Magnolia was started in July of 1996 by two friends, Allysa Torey and Jennifer Appel. On a quiet corner in the West Village, they launched a genius concept: old-fashioned baked goods—perfectly frosted three-layer cakes, freshly baked pies dusted with cinnamon, fudgy brownies, and tart lemon squares—served up in an adorable, wholesome space that could have been Betty Crocker's own kitchen. But as the business soared, the women's relationship soured. Three years after opening, they split, with Allysa running the original bakery solo, and Jennifer moving to Midtown to open Buttercup, a bakery with virtually the same exact menu and aesthetic. Both of them churned out pretty pastel cupcakes, and the city ate them up.
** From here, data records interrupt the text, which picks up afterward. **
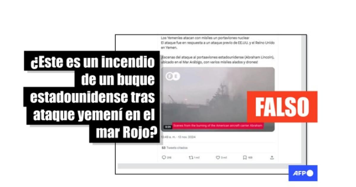 “Los Yemeníes atacan con misiles un portaviones nuclear. El ataque fue en respuesta a un ataque previo de EE.UU. y el Reino Unido en Yemen. ¡Escenas del ataque al portaaviones estadounidense (Abraham Lincoln), ubicado en el Mar Arábigo, con varios misiles alados y drones!”, dice una publicación compartida en X y Facebook.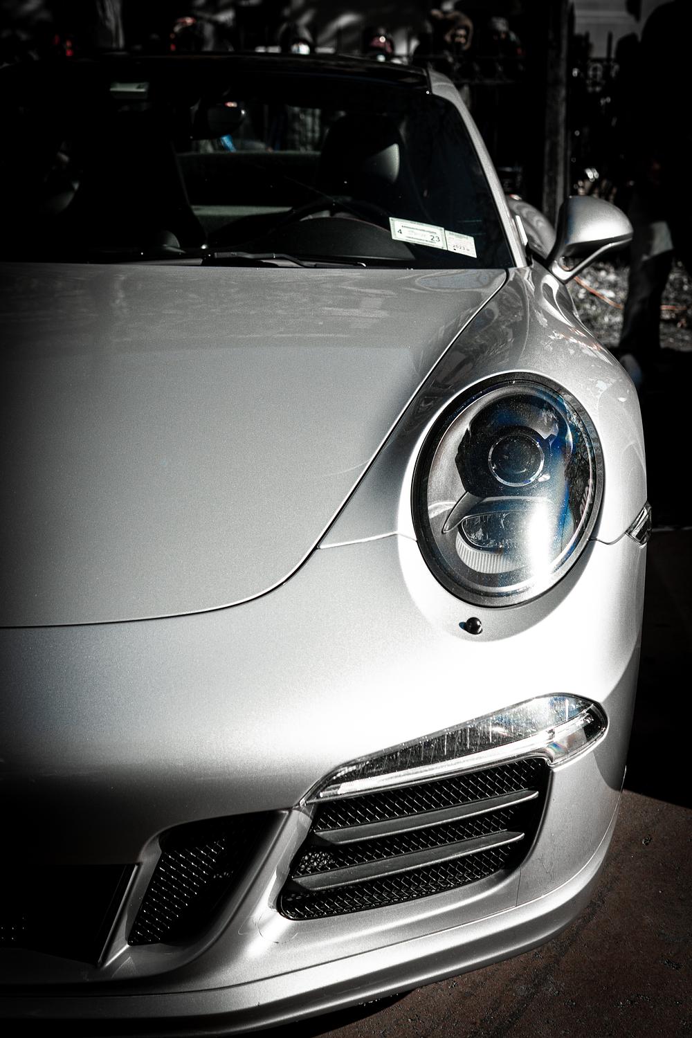 In the midst of a shadowy vignette, a sleek silver Porsche commands the spotlight with its arresting presence. Bathed in a soft, diffused light, the car's metallic exterior gleams like liquid silver, radiating an air of opulence and power.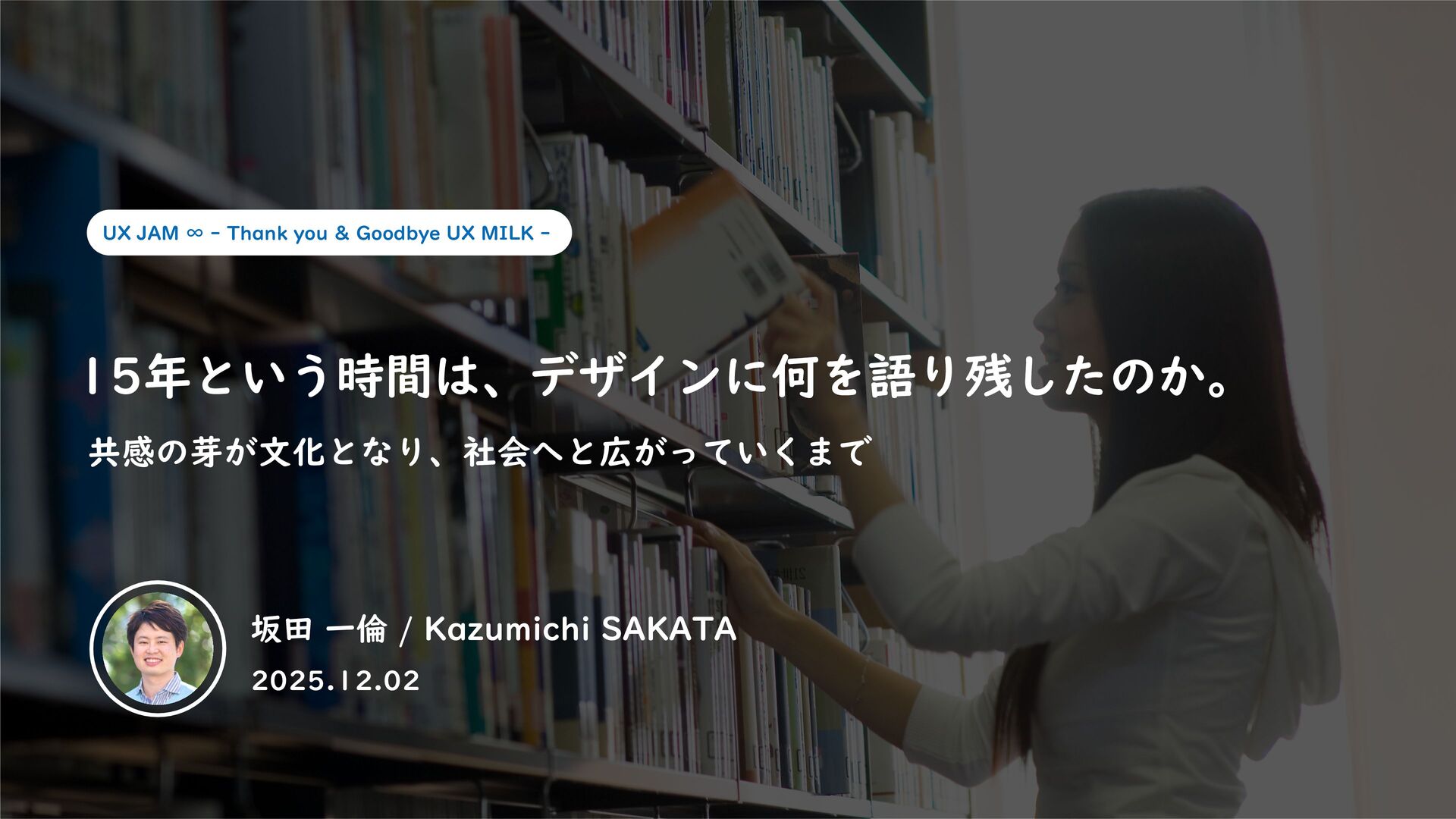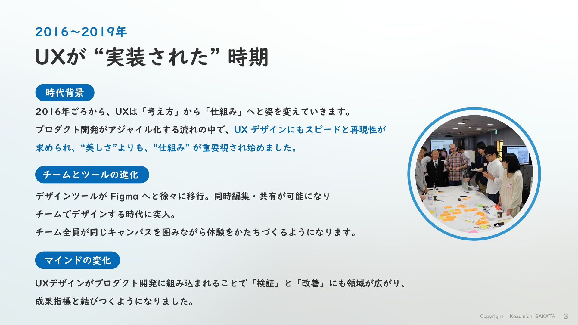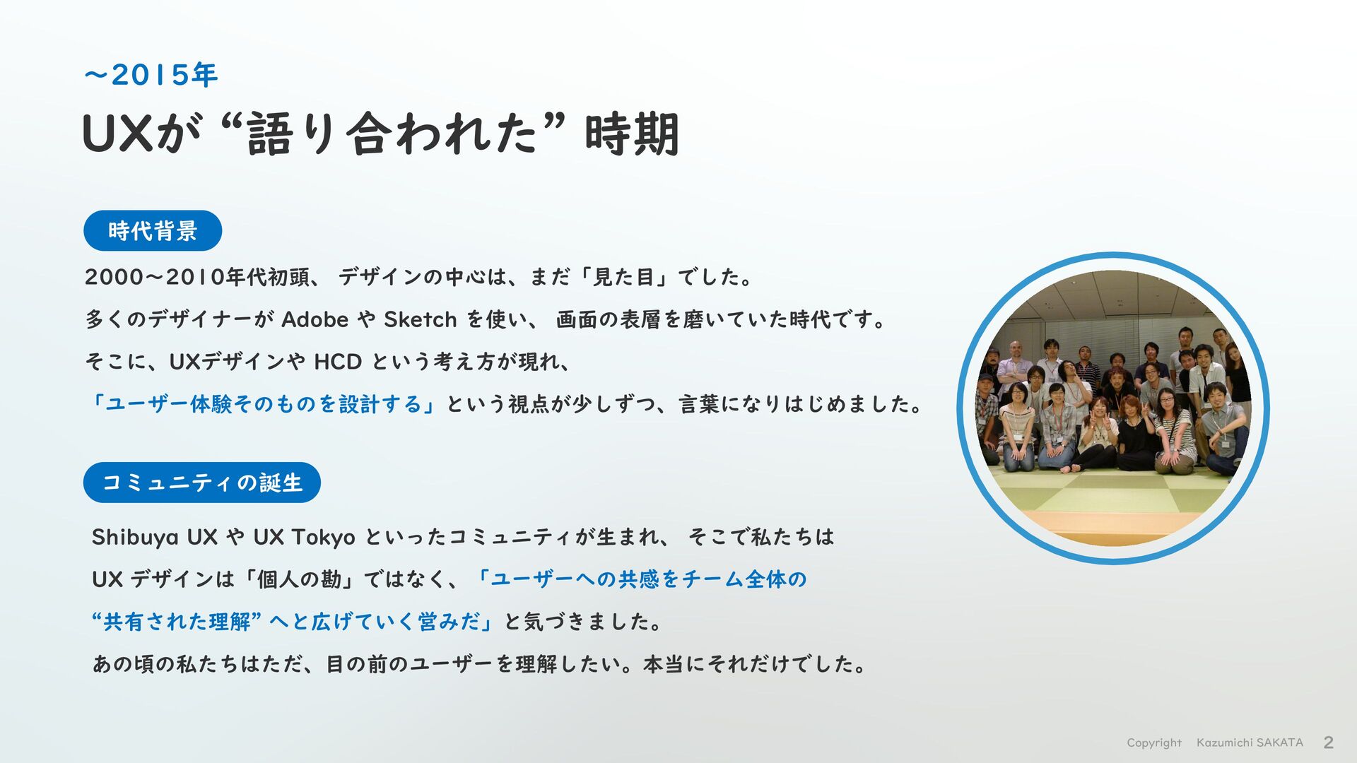 目 」でした。 多くのデザイナーが Adobe や Sketch を使い、 画 面 の表層を磨いていた時代です。 そこに、UXデザインや HCD という考え 方 が現れ、 「ユーザー体験そのものを設計する」という視点が少しずつ、 言 葉になりはじめました。 時代背景 コミュニティの誕 生 2 Copyright   Kazumichi SAKATA Shibuya UX や UX Tokyo といったコミュニティが 生 まれ、 そこで私たちは UX デザインは「個 人 の勘」ではなく、「ユーザーへの共感をチーム全体の “共有された理解” へと広げていく営みだ」と気づきました。 あの頃の私たちはただ、 目 の前のユーザーを理解したい。本当にそれだけでした。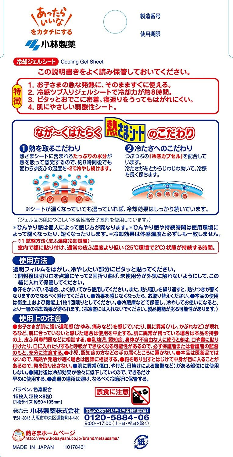 Пластырь Kobayashi Cooling Gel Sheet снижает даже высокую температуру до -2 градусов при однократном использовании. Его можно применять сразу при внезапной лихорадке у детей. В одной упаковке 16 штук. Пластырь крепят на теле малыша в тех зонах, где наиболее ощутимо контролируется температура тела: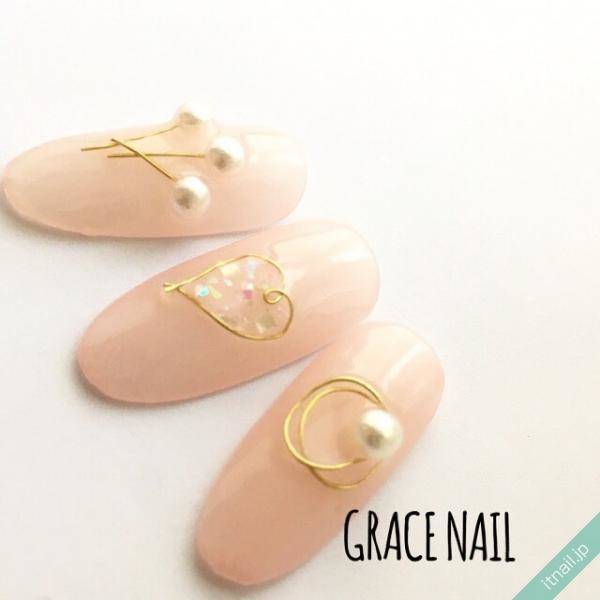 オフィスシーンでも使いやすく上品な仕上がりを楽しめるのが、ワイヤー×パールでアートするリングネイルです。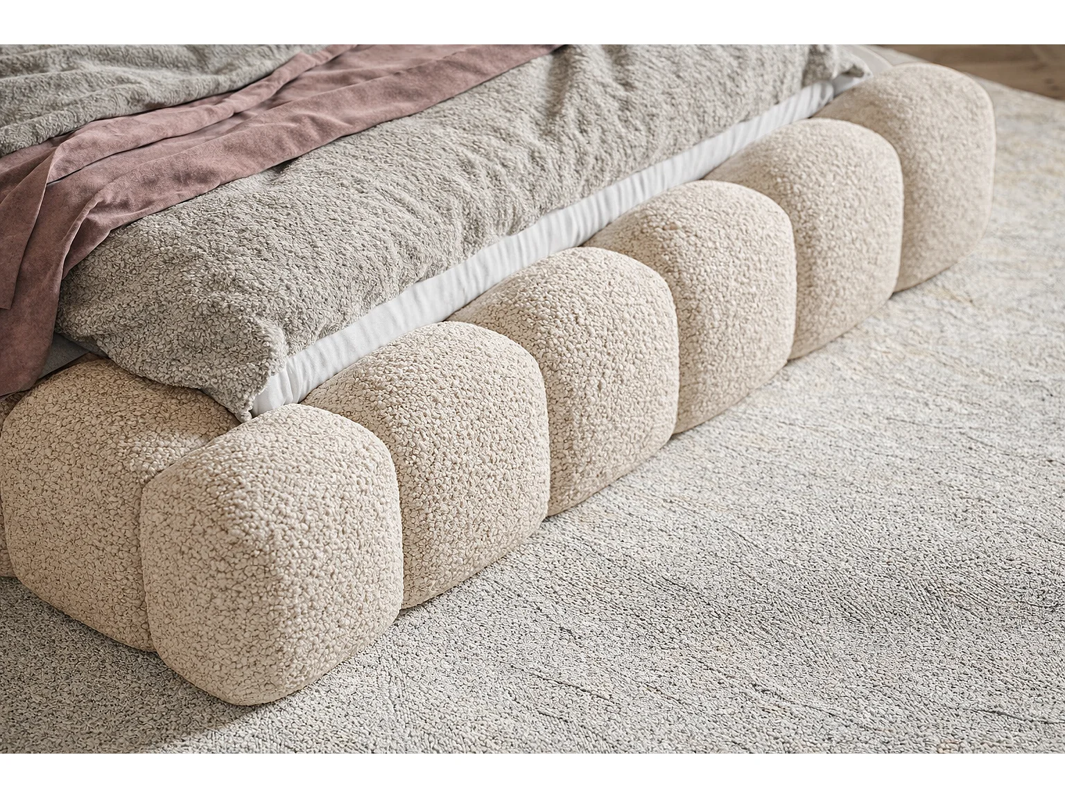 Łóżko tapicerowane 180x200 Madeno - gruba pianka, pojemnik, stelaż - tkanina boucle, beżowy (Catch Me 2)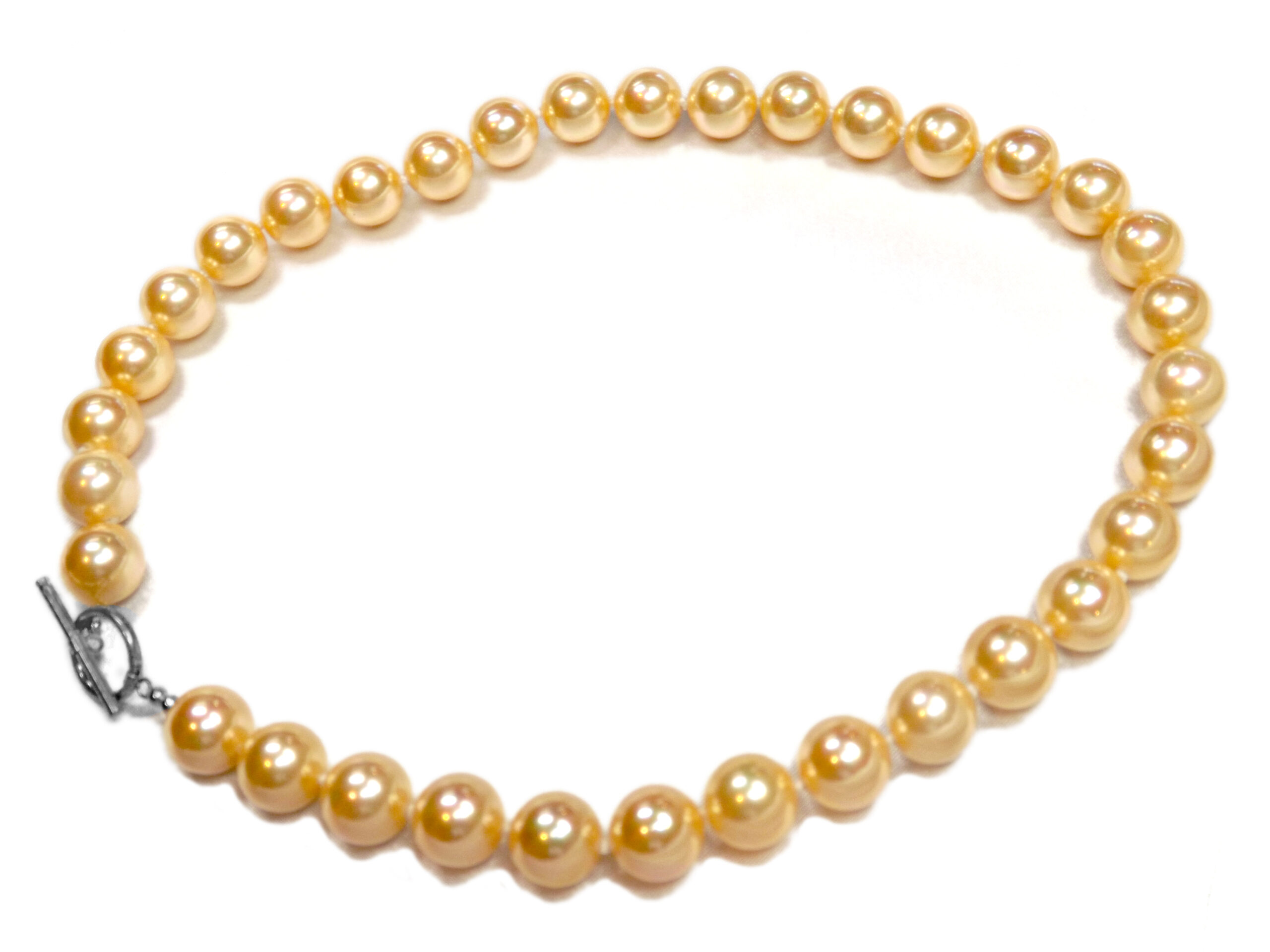 The southsea shell pearl necklace has a length of about 17 inches. We hand knot all pearls individually with double silk thread. We finish it either by a rose shaped sterling silver clasp, a toggle clasp or a lobster clasp. All made of 925 pure sterling silver with 7 layers of 18k white gold to preventing the pure silver from tarnishing.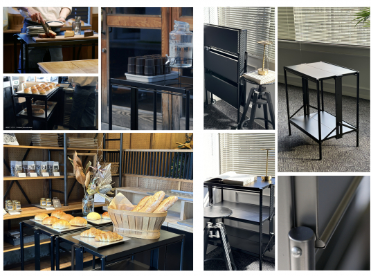 ワゴンや折りたたみテーブルとして追加用の客席やビュッフェ台などに。臨時の作業台としてキッチンにも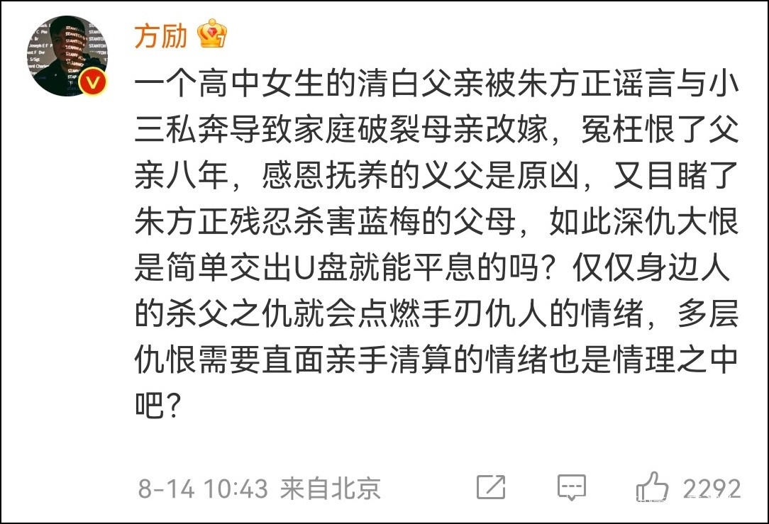 製片人方勵評論:把證據交給警方並不足以平息女主的憤怒,她選擇親自報仇很合理。

Buttercup, probably because of its unsexy midtown location, fared just okay, but Magnolia went gangbusters. The more popular it became, the more people loved to hate it. The staff was infamously snippy. The lines, which grew so long they snaked out the door and around the corner, started annoying the neighbors. Then the
Sex
and
the
City
tour buses rolled in and put everyone over the top. The bakery and its cupcakes became synonymous with Carrie Bradshaw wannabes, tottering in their heels and not caring about on whose front stoop they were dropping their frosting-laced wrappers.

The cupcakes themselves were hit or miss, love 'em or hate 'em. While cake flavors were the standard yellow, chocolate, and red velvet, and generally tasty, it was the frosting that sent everyone spiraling. It was über sweet, pastel-colored, dotted with vibrant sprinkles, and swirled on in abundance. These little cakes became the downtown must-have accessory, as fashionable as the T-shirts and coin purses Marc Jacobs was peddling across the street.

Meanwhile, other cupcakeries were popping up all over Manhattan. A near Magnolia replica turned up in Chelsea when a former bakery manager jumped ship to open his Americana bakeshop, Billy's (the one AJ and I frequented). Two Buttercup employees similarly ventured downtown to the Lower East Side and opened Sugar Sweet Sunshine, expanding into new flavors like the Lemon Yummy, lemon cake with lemon buttercream, and the Ooey Gooey, chocolate cake with chocolate almond frosting.
Dee
-licious.

Other bakeries opted for their own approach. A husband-and-wife team opened Crumbs, purveyor of five-hundred-calorie softball-sized juggernauts, in outrageous flavors like Chocolate Pecan Pie and Coffee Toffee, topped with candy shards and cookie bits. There were also mini cupcakes in wacky flavors like chocolate chip pancake and peanut butter and jelly from Baked by Melissa and Kumquat's more gourmet array like lemon-lavender and maple-bacon.

Revered pastry chefs also got in on the action. After opening ChikaLicious, the city's first dessert bar, Chika Tillman launched a take-out spot across the street that offered Valrhona chocolate buttercream-topped cupcakes. And Pichet Ong, a Jean-Georges Vongerichten alum and dessert bar and bakery rock star, attracted legions of loyal fans—no one more than myself—to his West Village bakery, Batch, with his carrot salted-caramel cupcake.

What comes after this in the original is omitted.